What an AI Agent actually is
The word AI agent has been thrown around in nearly every AI related article I've read. Every company seems to be building them, and there's thousands of LinkedIn posts talking about how agentic AI is going to change the world. The problem is that when you actually stop and ask what an AI agent is, the answer becomes complicated. After spending the last couple of weeks looking into the topic, I've come to the conclusion that many people using the term don't actually agree on what it means, and that there isn't a clear central definition.
At first I thought an AI agent was literally just an LLM with access to tools. If ChatGPT can search the web, call an API, or query a database, then that would classify as an agent. It turns out the answer isn't that simple. A chatbot can use tools without really being an agent. Similarly, a workflow can perform multiple actions without being autonomous.
One of the most common examples you'll see is an LLM that can call a weather API. The user asks whether it's going to rain tomorrow, the model decides to call the weather service, recieves the result, and returns an answer. Although this is useful,it's not enough to qualify as an agent. The entire process is still fairly deterministic. The model recieves a request, performs an action, and returns a response. There isn't much decision making involved beyond selecting a tool.
The software spectrum
I think the easiest way to understand agents is to look at software as a spectrum. Traditional software sits at one end. A calculator doesn't make decisions and every possible path is defined by a developer. Then you have LLM-powered software which introduces some flexibility but still follows a predefined flow. After that come workflows where an LLM might influence how tasks are performed, but the overall sequence of steps remains fixed. Agents seem to sit further along that spectrum because they are given a goal rather than a script.
As an example, if you ask a developer to produce a monthly sales report and email it out, most of them would know how to do this with no questions asked. Ideally they would gather data, validate it, generate the report, and send the email. AI agents operate in a similar way. Instead of being told exactly what to do, they are given an outcome and expected to figure out how to get the results.
How agents work
From a technical pov, most agents are built around a loop. The agent recieves a goal, decides what to perform based on its current state, executes that action, and then re-evaluates the situation. This continues until the goal is completed or some termination is reached. A simple implementation as an example is an LLM selecting from a list of available tools. This includes web search, database queries, or API calls. The result of each tool call is fed back into the model. Unlike a traditional workflow where the sequences are predefined, the path taken by an agent can vary depending on the information it discovers along the way. This is often referred to as an agent loop, where the model repeatedly reasons, acts, and observeres until it reaches the goal or decides it can't make any more progress (it gives up).

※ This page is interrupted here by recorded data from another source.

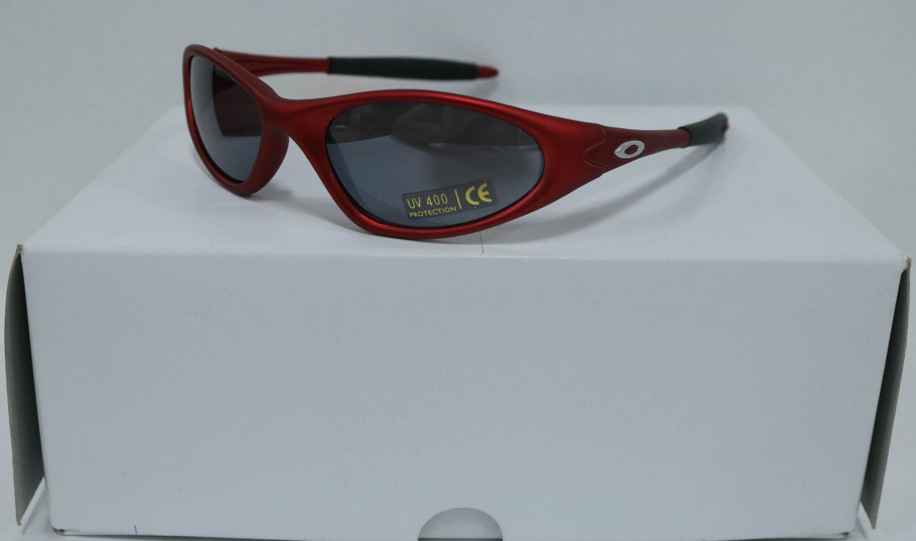 BOX OF OAKLEY STYLE RED DESIGNER SUNGLASSES
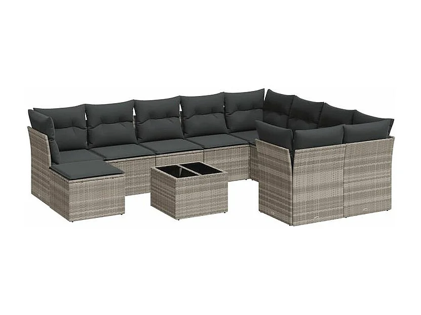 Salon de jardin 11 pcs avec coussins gris clair résine tressée
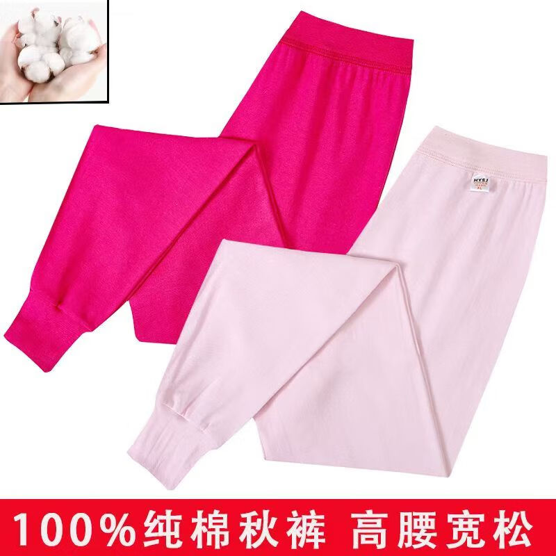 [100% cotton] Women's high-waisted long johns for middle-aged and elderly people, deep-cut linen pants, loose large size underpants, cotton long johns for women, 2-pack (pink + skin color) 3XL (suitable for 140-160Jin [Jin equals 0.5 kg])
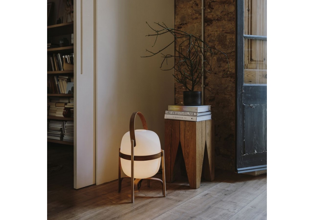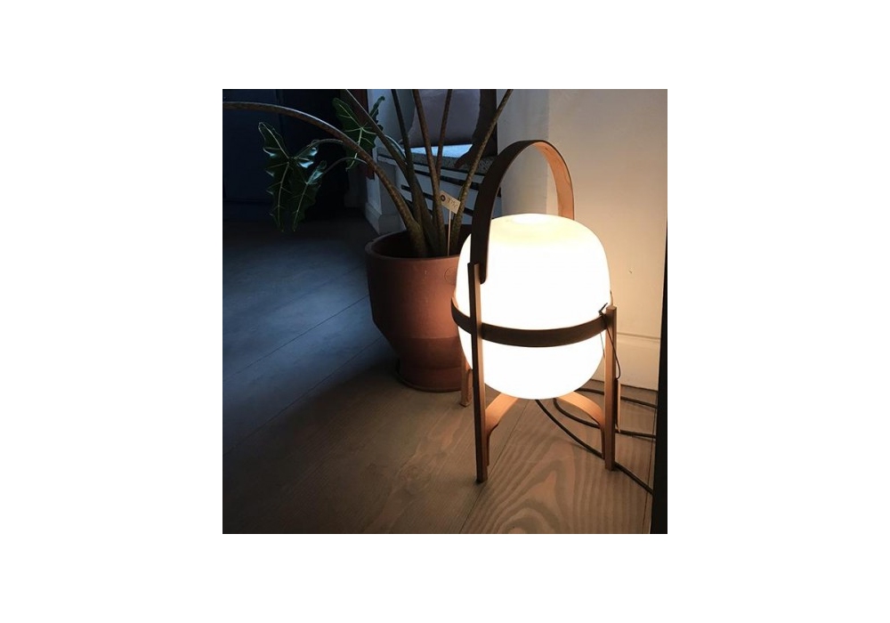 Cesta conçue par Miguel Milá pour Santa&Cole est une lampe de table avec un diffuseur en opale blanche. Structure en bois de cerisier, abat-jour en verre opale blanc.
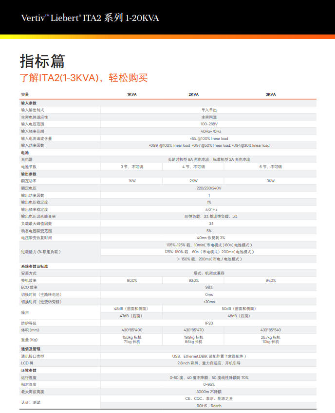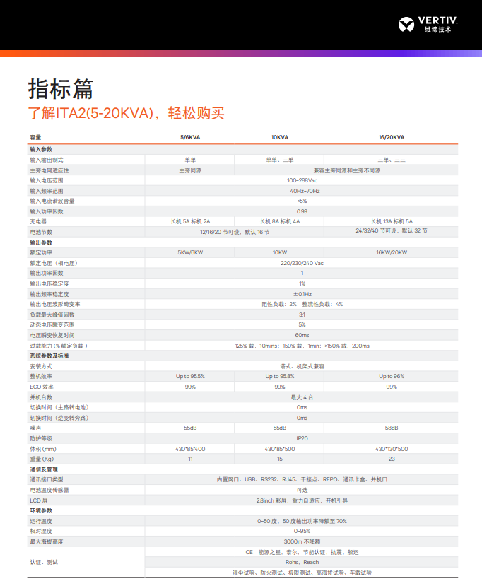 Liebert® ITA2 全系列输出功率因数提升至1,KVA=KW,带载能力提升20%以上

The characteristic that stands out most is decision making. An agent must be capable of determining what action to perform next based on the information it currently has. It could search the web, read documents, decide the information is insufficient, perform another search, compare results, and only then provide an answer. The important detail is that the path isn't entirely predetermined. The system is adapting as it goes rather than blindly executing a sequence of instructions.

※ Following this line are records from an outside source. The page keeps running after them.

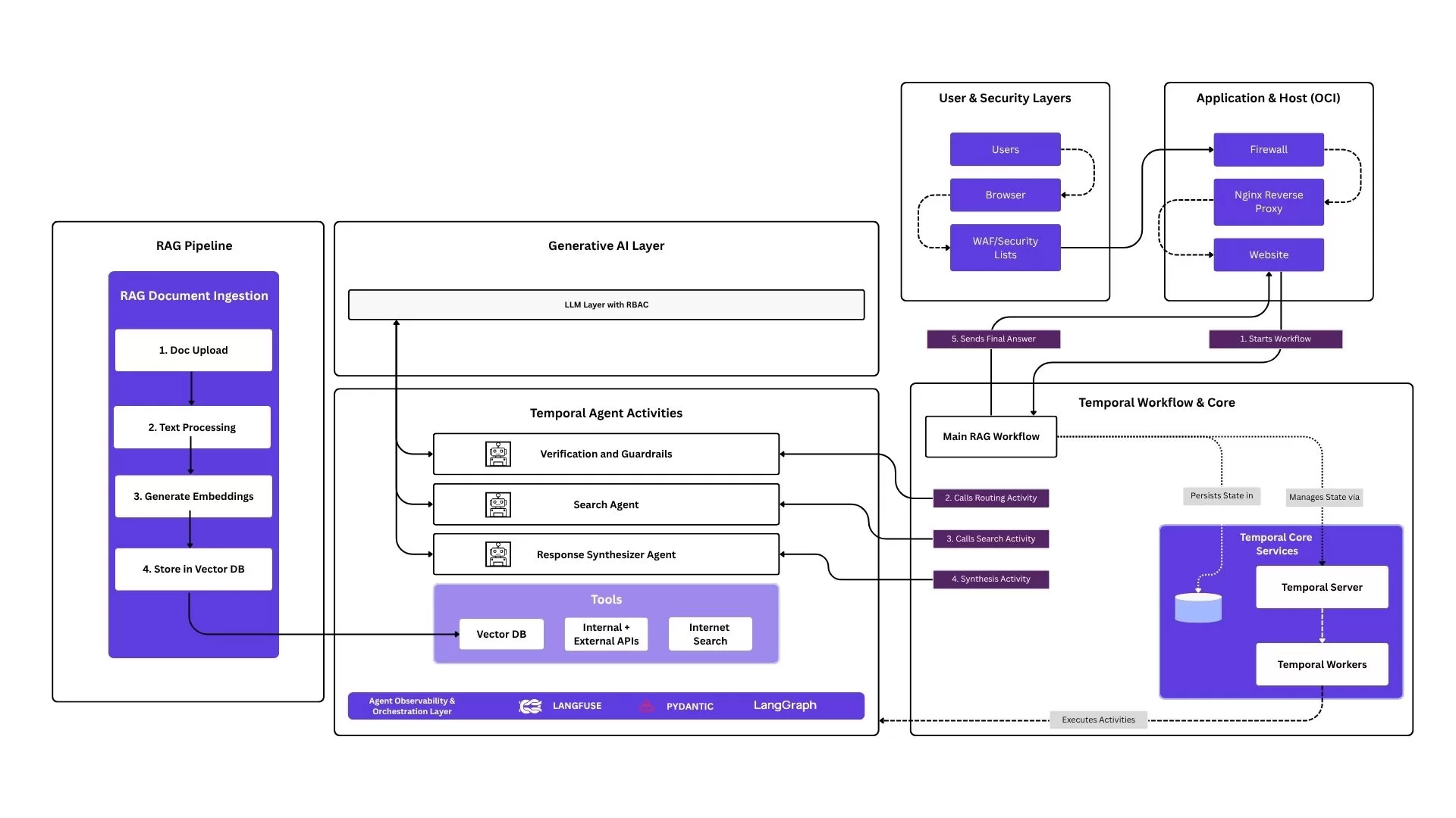 - Comprehensive Observability: Real-time monitoring provides visibility into query processing, LLM performance, and workflow execution patterns.
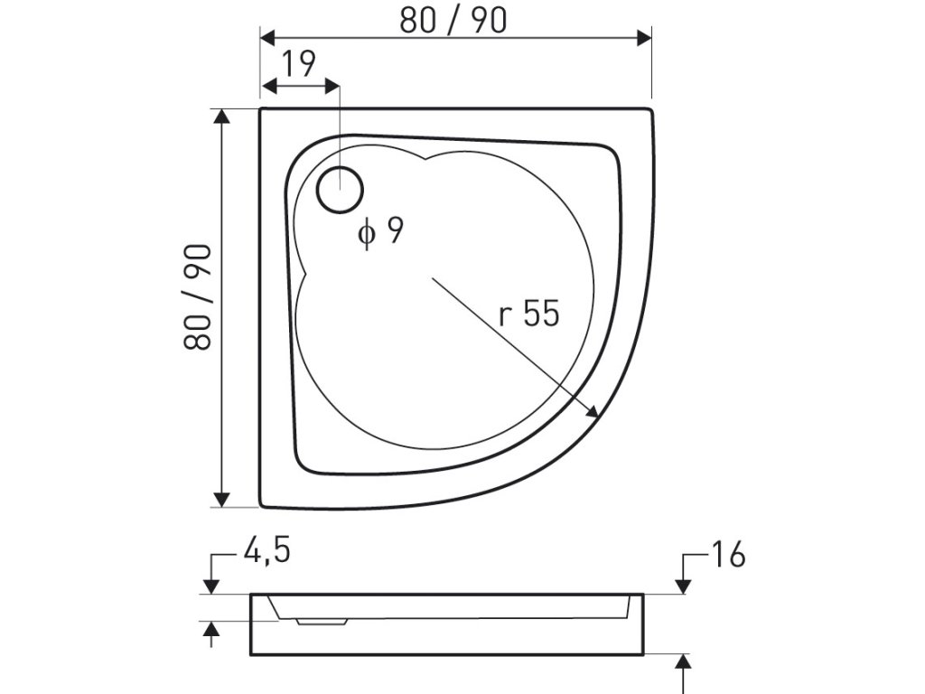 | Splash Black 90 | 89 cm | 89 cm | 190 cm |
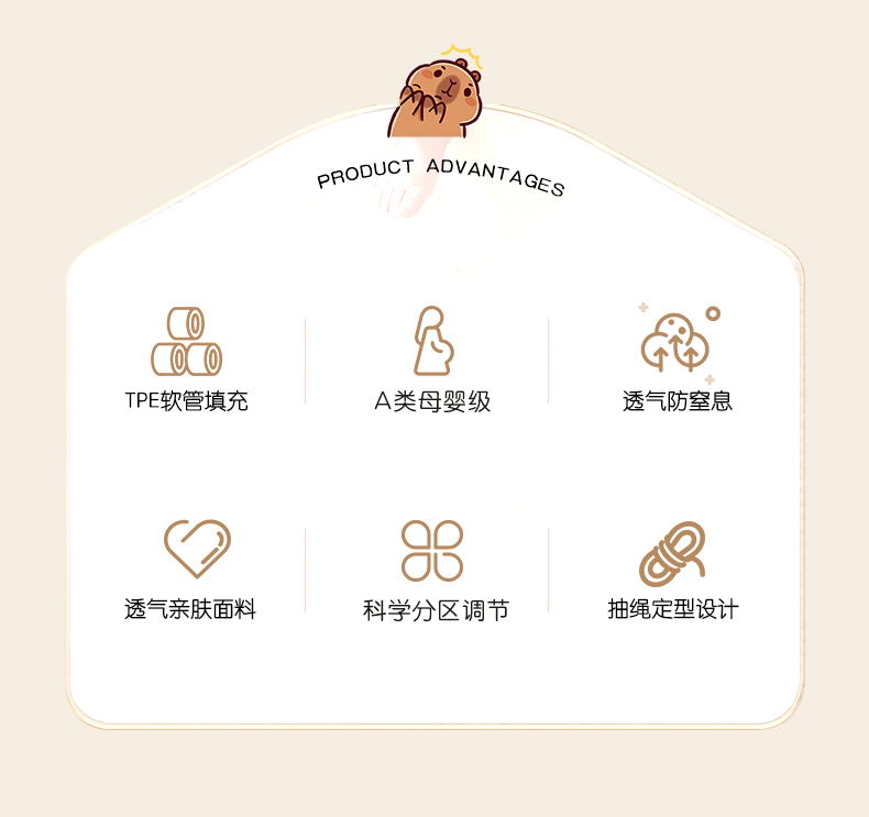 当前位置: 91家纺网 > 商品网购 > 枕头/枕芯/保健枕/颈椎枕 > 普通枕芯 > 昕科 2025新款A类母婴-卡皮巴拉软管婴童定型枕(送礼袋) 卡皮巴拉-软管+羽丝棉儿童枕40x60cm/只
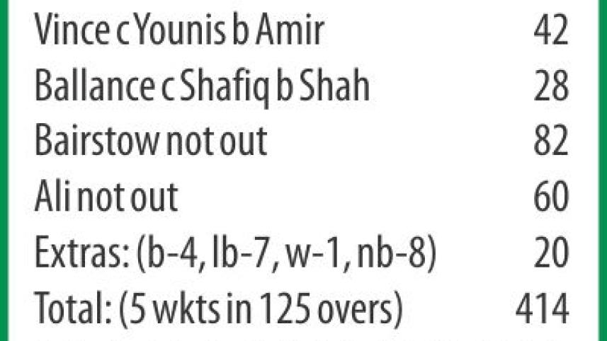 Bairstow received excellent support from Ali, who played several fine shots of his own against a tiring Pakistan attack featuring just four frontline bowlers.
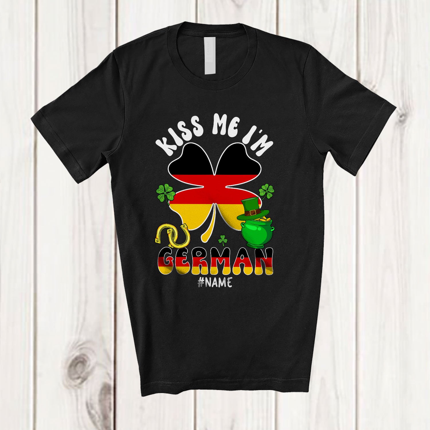 • Personalized Kiss Me I'm German; Fantastic St. Patrick's Day Custom Name German Flag Shamrock T-Shirt. This cotton t-shirt is a durable staple product with a classic fit. One of the most popular items, it has a relaxed style made for everyday and casual wear.
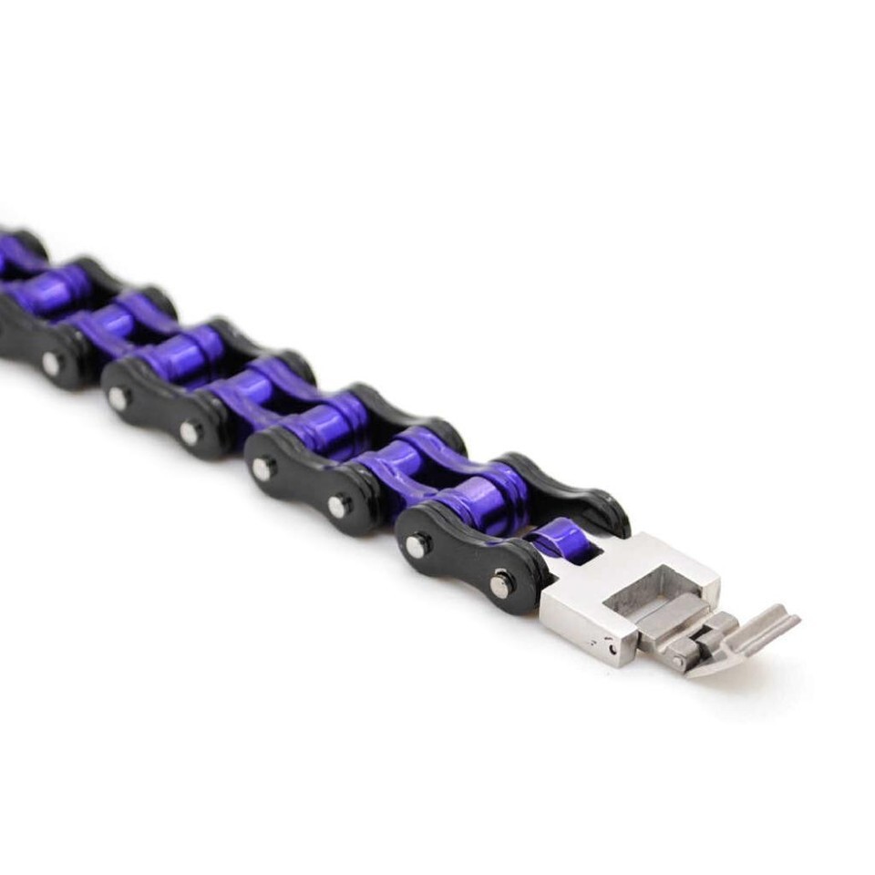 STAINLESS STEEL BIKE CHAIN BRACELET 8.5" Purple Black Solid Bicycle Motorcycle

This next part is the controversial bit, but a lot of products marketed as agents are actually workflows. If every step is known ahead of time, then it's not really an agent but actually a flowchart with an LLM attached to it. It's actually not a bad thing though. Most of the time these kind of workflows are easier to understand, cheaper to run, and more reliable. The issue is that the term agent is sometimes used so often that it loses its meaning.
My take
It's a bit strange that people throw around the word AI agent without real understanding or there also being no proper definition. I understand that it's great for clicks, but it creates a lot of confusion. My current opinion is that an AI agent needs a goal, access to tools, and the ability to decide what to do next. Without these, the system is more like a chatbot or a workflow. The exact implementation doesn't matter much. If the system can decide how to achieve an outcome and not just follow instructions, then it meets the criteria.
The funny thing is that after all this reading, I think I've become less interested in agents themselves and more interested in where they make sense. Not every application needs a collection of autonomous agents reasoning about what to do next. Sometimes a simple workflow is the better engineering choice. The challenge is knowing the difference.